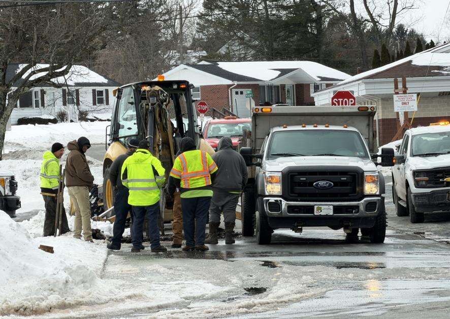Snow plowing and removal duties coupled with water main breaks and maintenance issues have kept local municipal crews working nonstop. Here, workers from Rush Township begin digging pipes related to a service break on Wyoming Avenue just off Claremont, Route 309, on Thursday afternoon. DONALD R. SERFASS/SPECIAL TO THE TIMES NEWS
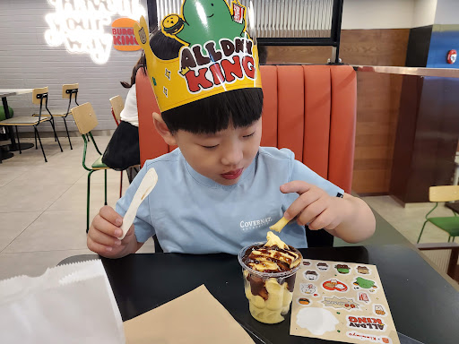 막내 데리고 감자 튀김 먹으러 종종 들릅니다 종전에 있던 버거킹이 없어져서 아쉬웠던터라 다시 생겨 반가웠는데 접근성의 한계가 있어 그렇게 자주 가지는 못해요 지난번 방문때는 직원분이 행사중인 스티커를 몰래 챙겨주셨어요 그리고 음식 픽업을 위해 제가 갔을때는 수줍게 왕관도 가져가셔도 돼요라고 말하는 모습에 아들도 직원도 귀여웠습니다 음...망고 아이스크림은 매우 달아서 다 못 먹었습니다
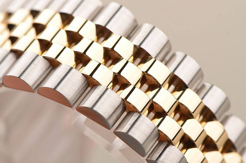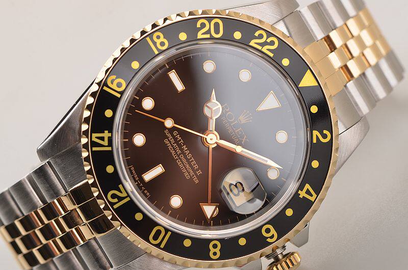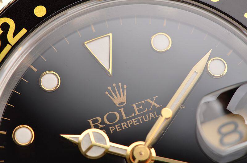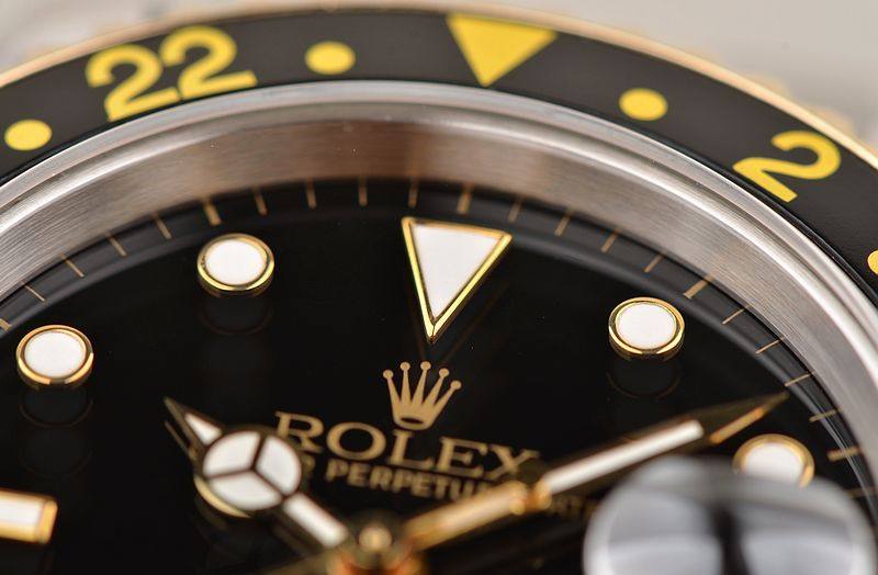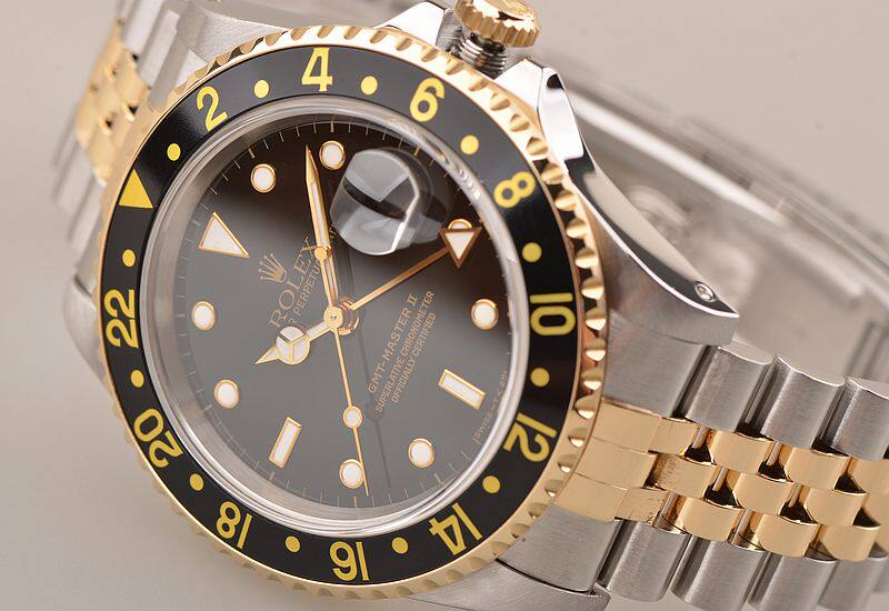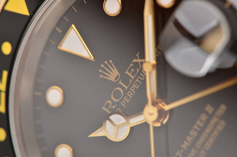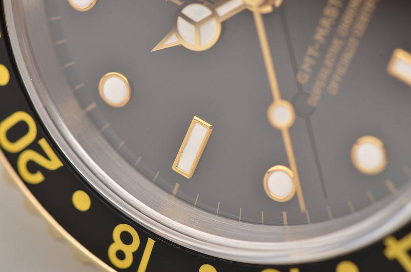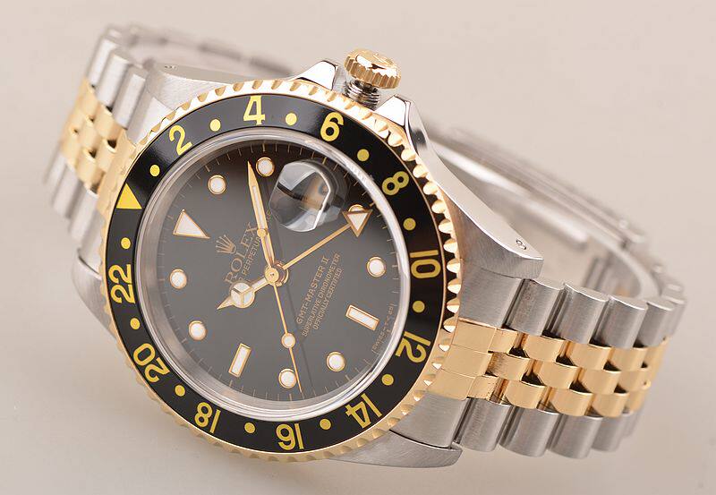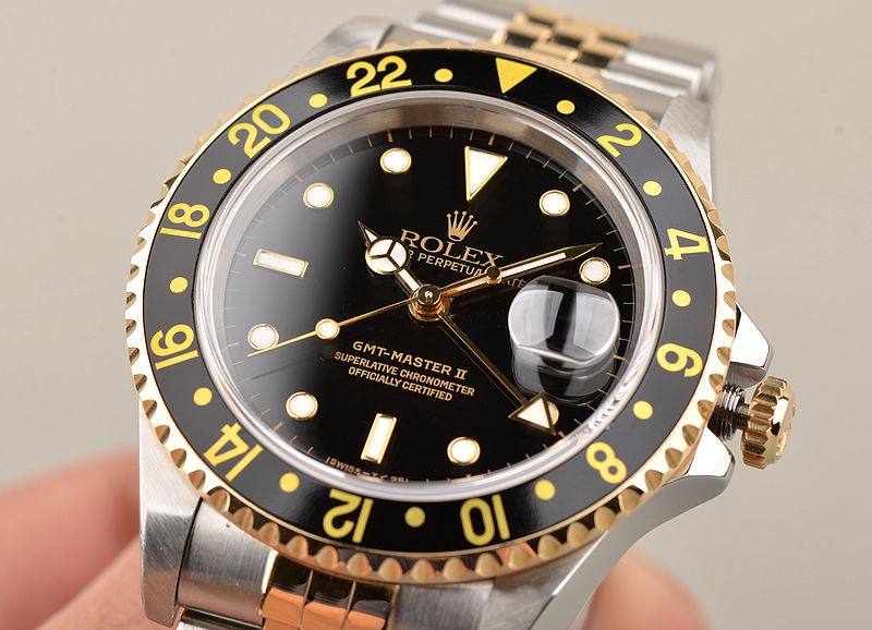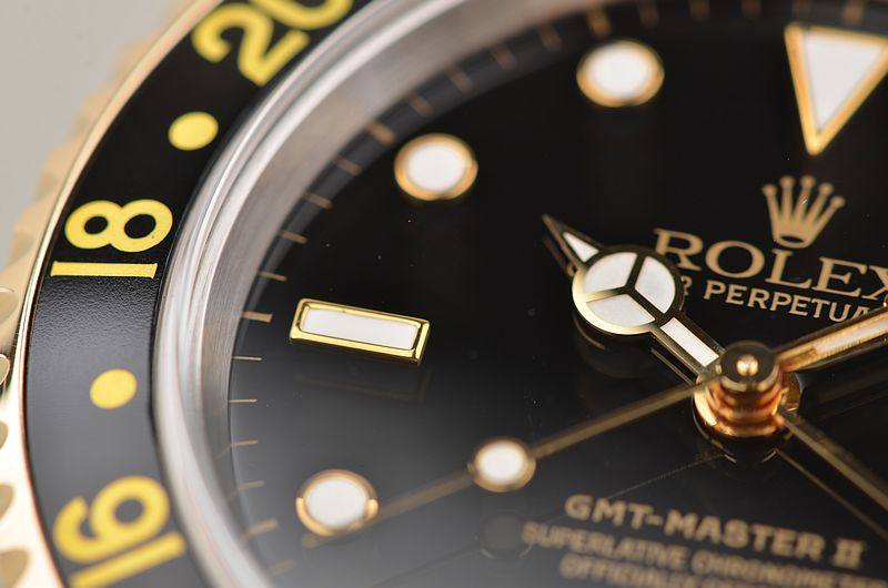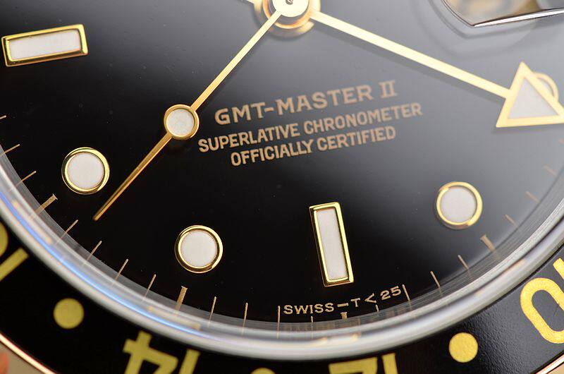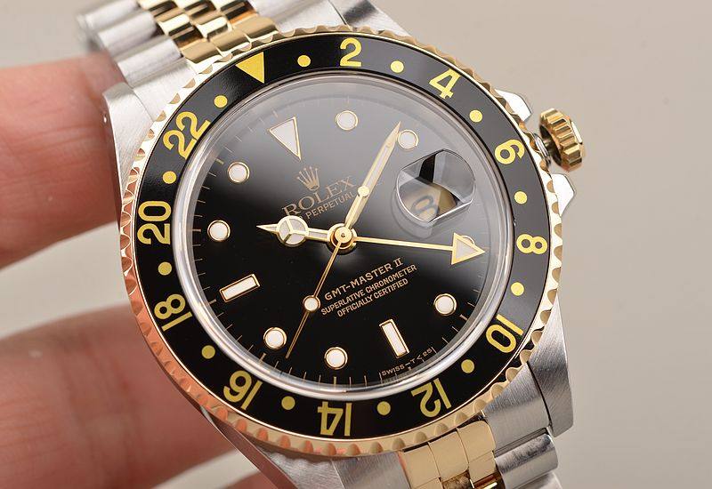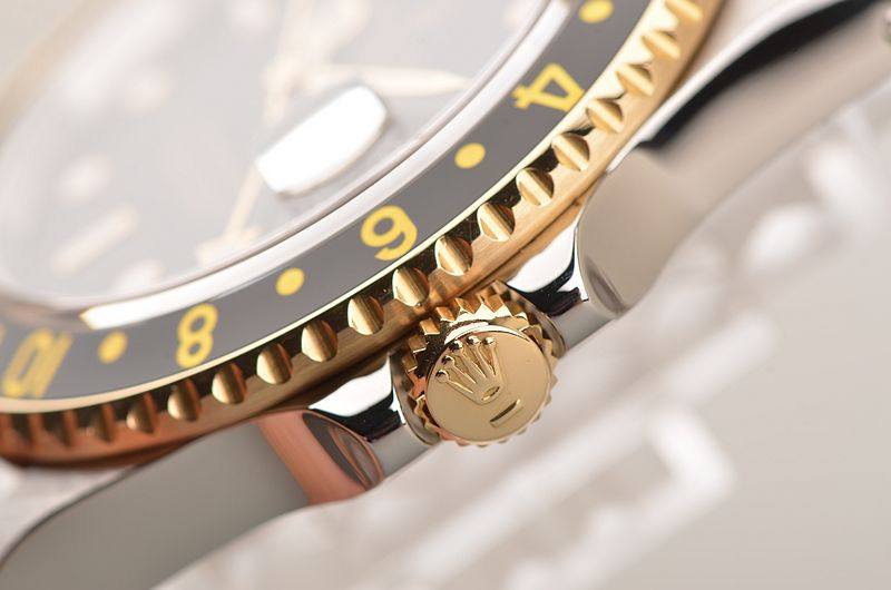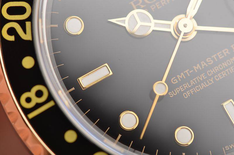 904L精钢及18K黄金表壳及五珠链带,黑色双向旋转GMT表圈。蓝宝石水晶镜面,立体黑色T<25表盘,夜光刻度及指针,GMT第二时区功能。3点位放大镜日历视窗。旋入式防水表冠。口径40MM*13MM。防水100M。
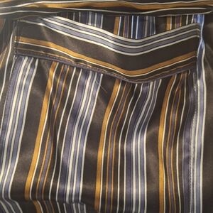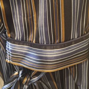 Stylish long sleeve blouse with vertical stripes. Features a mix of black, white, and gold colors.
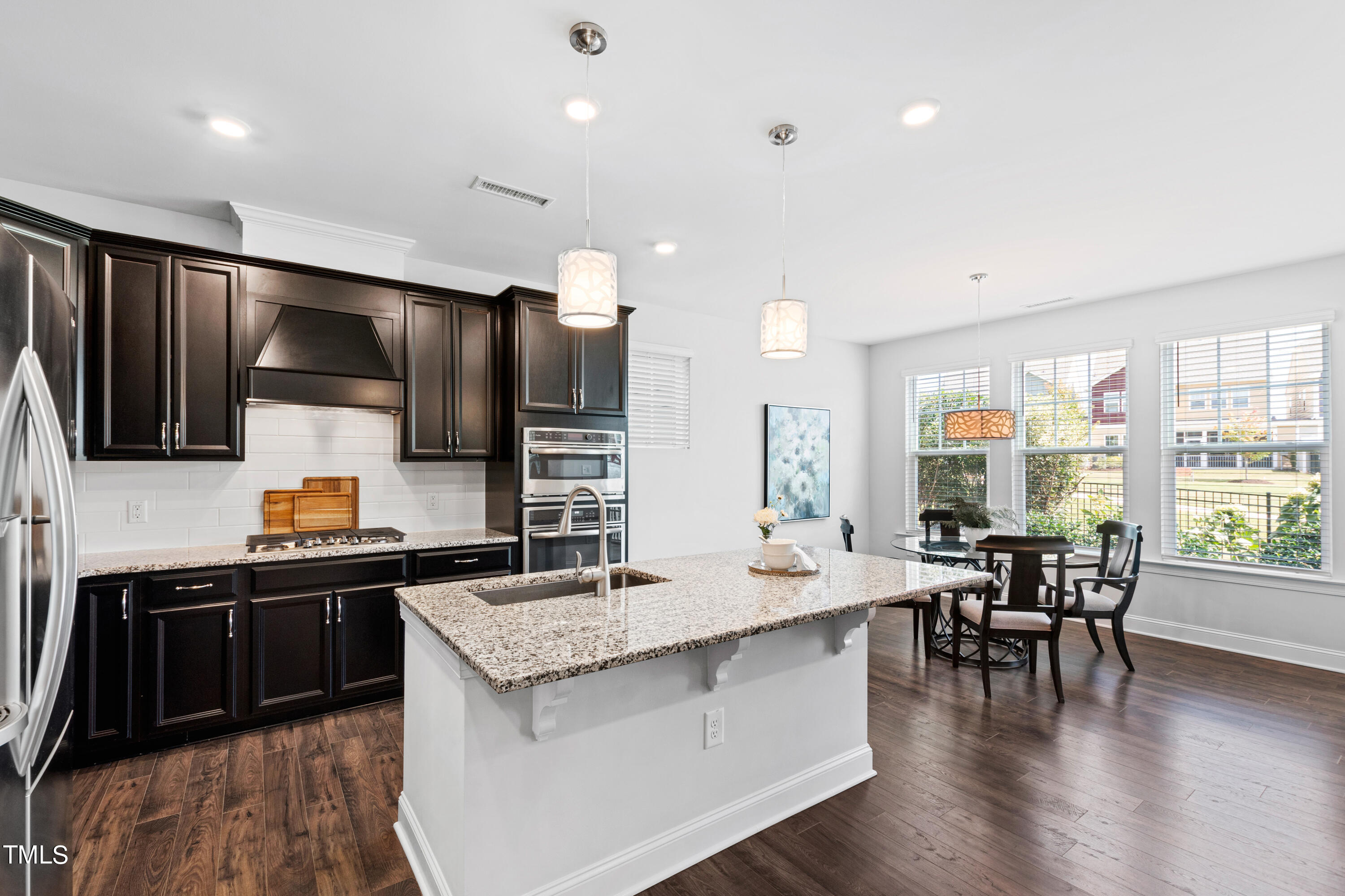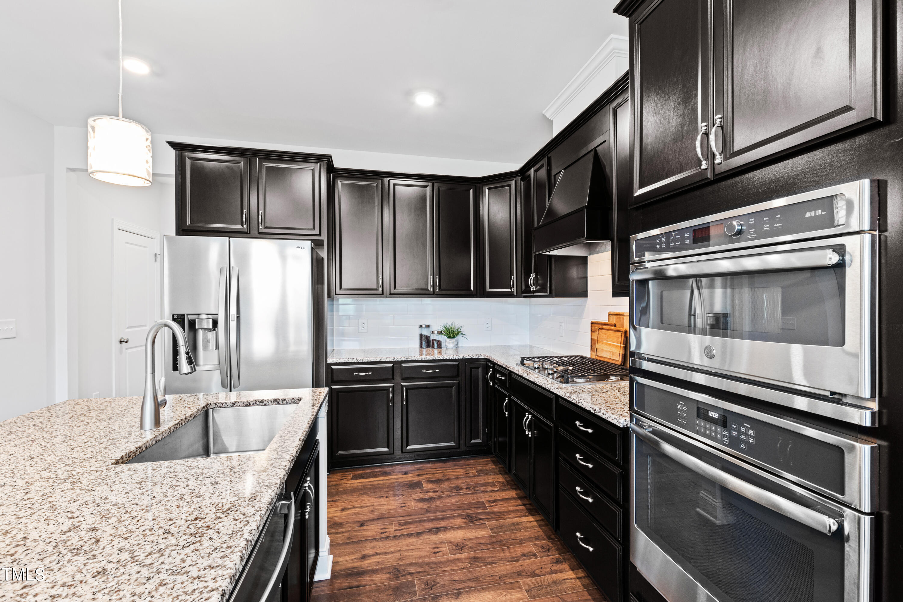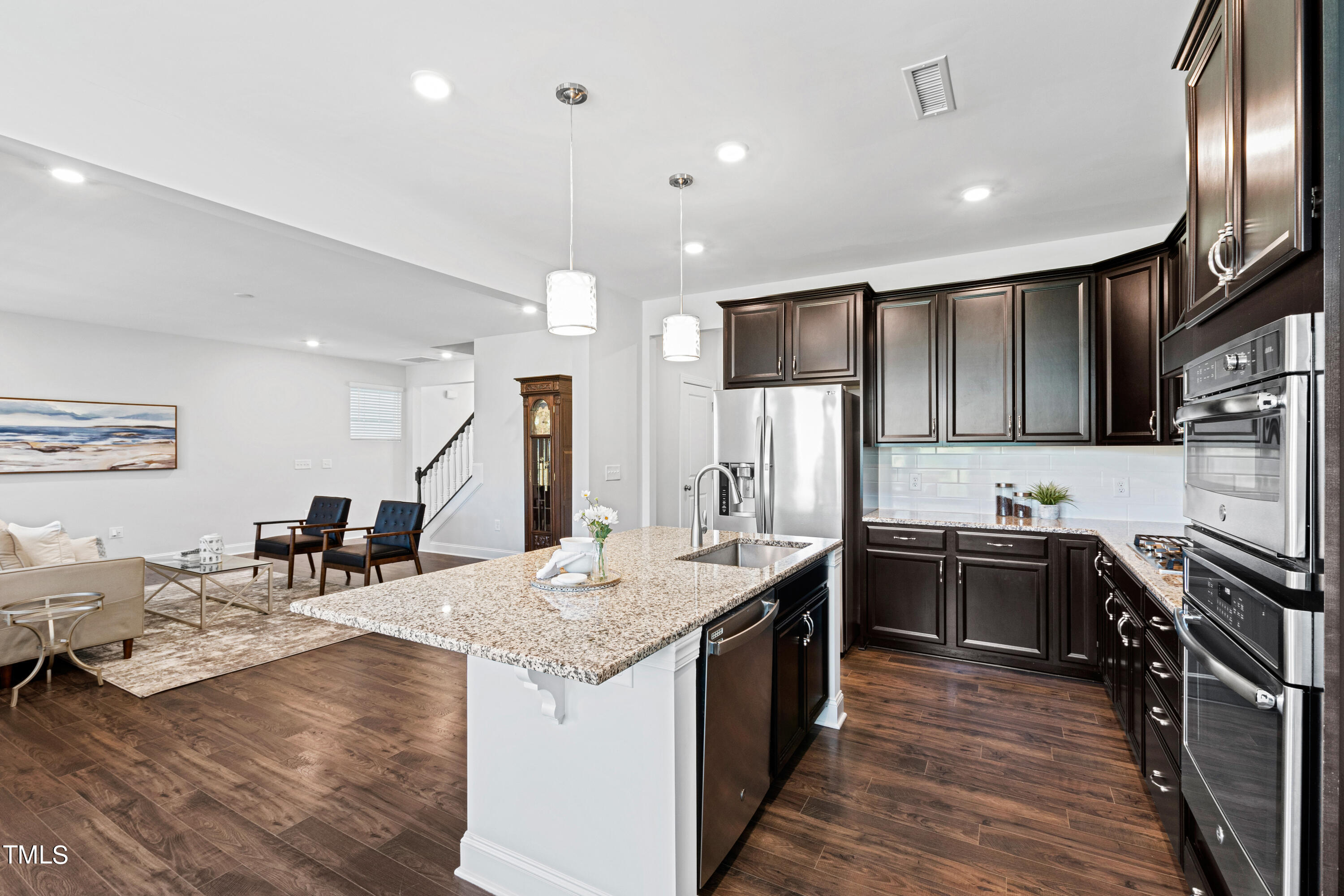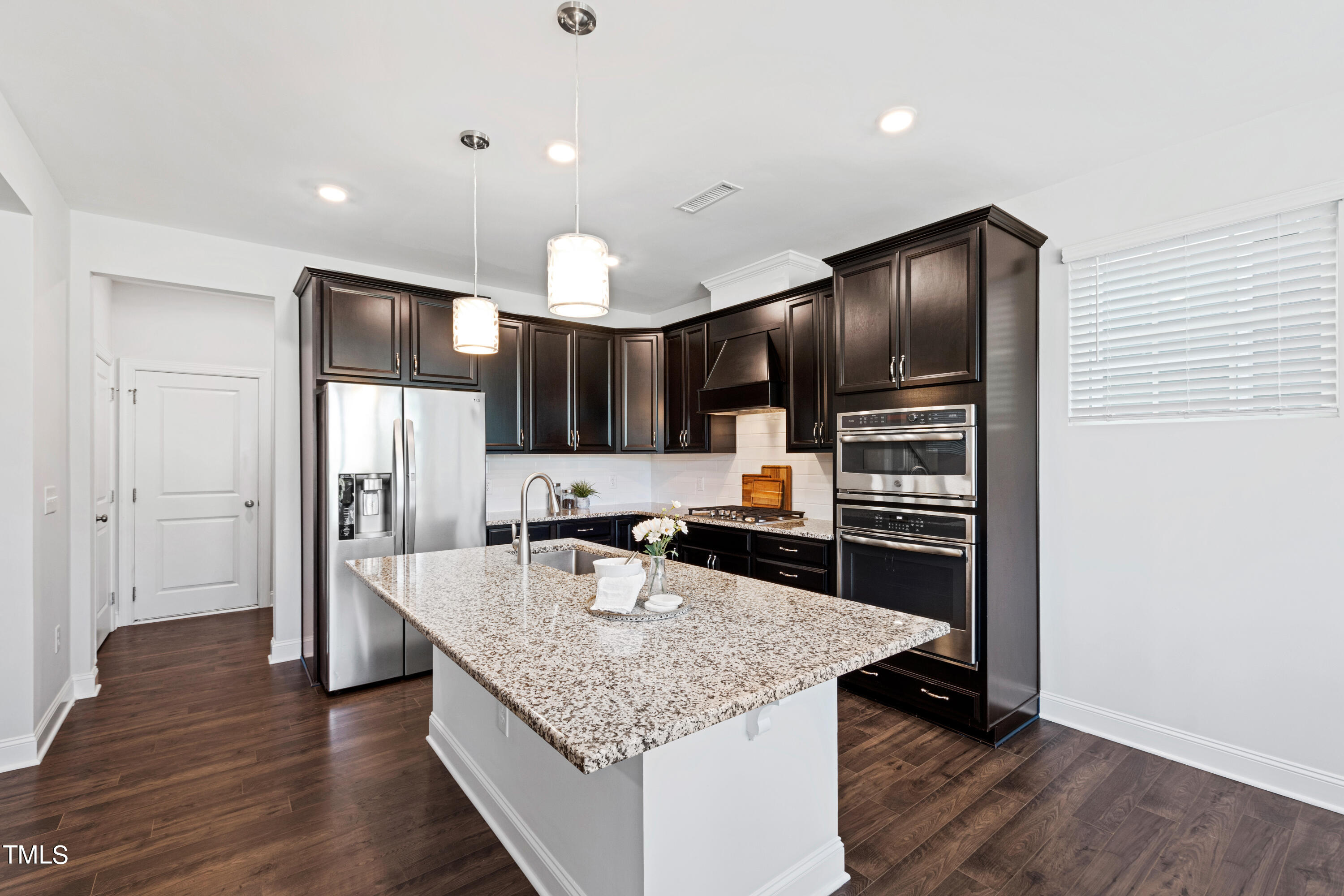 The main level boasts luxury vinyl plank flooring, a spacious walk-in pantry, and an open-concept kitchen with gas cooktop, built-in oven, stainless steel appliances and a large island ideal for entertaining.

* * * *

*Assigned task*: Print the material above exactly, skipping its images.

*Answer to the problem*:
Snow plowing and removal duties coupled with water main breaks and maintenance issues have kept local municipal crews working nonstop. Here, workers from Rush Township begin digging pipes related to a service break on Wyoming Avenue just off Claremont, Route 309, on Thursday afternoon. DONALD R. SERFASS/SPECIAL TO THE TIMES NEWS
 막내 데리고 감자 튀김 먹으러 종종 들릅니다 종전에 있던 버거킹이 없어져서 아쉬웠던터라 다시 생겨 반가웠는데 접근성의 한계가 있어 그렇게 자주 가지는 못해요 지난번 방문때는 직원분이 행사중인 스티커를 몰래 챙겨주셨어요 그리고 음식 픽업을 위해 제가 갔을때는 수줍게 왕관도 가져가셔도 돼요라고 말하는 모습에 아들도 직원도 귀여웠습니다 음...망고 아이스크림은 매우 달아서 다 못 먹었습니다
 904L精钢及18K黄金表壳及五珠链带,黑色双向旋转GMT表圈。蓝宝石水晶镜面,立体黑色T<25表盘,夜光刻度及指针,GMT第二时区功能。3点位放大镜日历视窗。旋入式防水表冠。口径40MM*13MM。防水100M。
 Stylish long sleeve blouse with vertical stripes. Features a mix of black, white, and gold colors.
 The main level boasts luxury vinyl plank flooring, a spacious walk-in pantry, and an open-concept kitchen with gas cooktop, built-in oven, stainless steel appliances and a large island ideal for entertaining.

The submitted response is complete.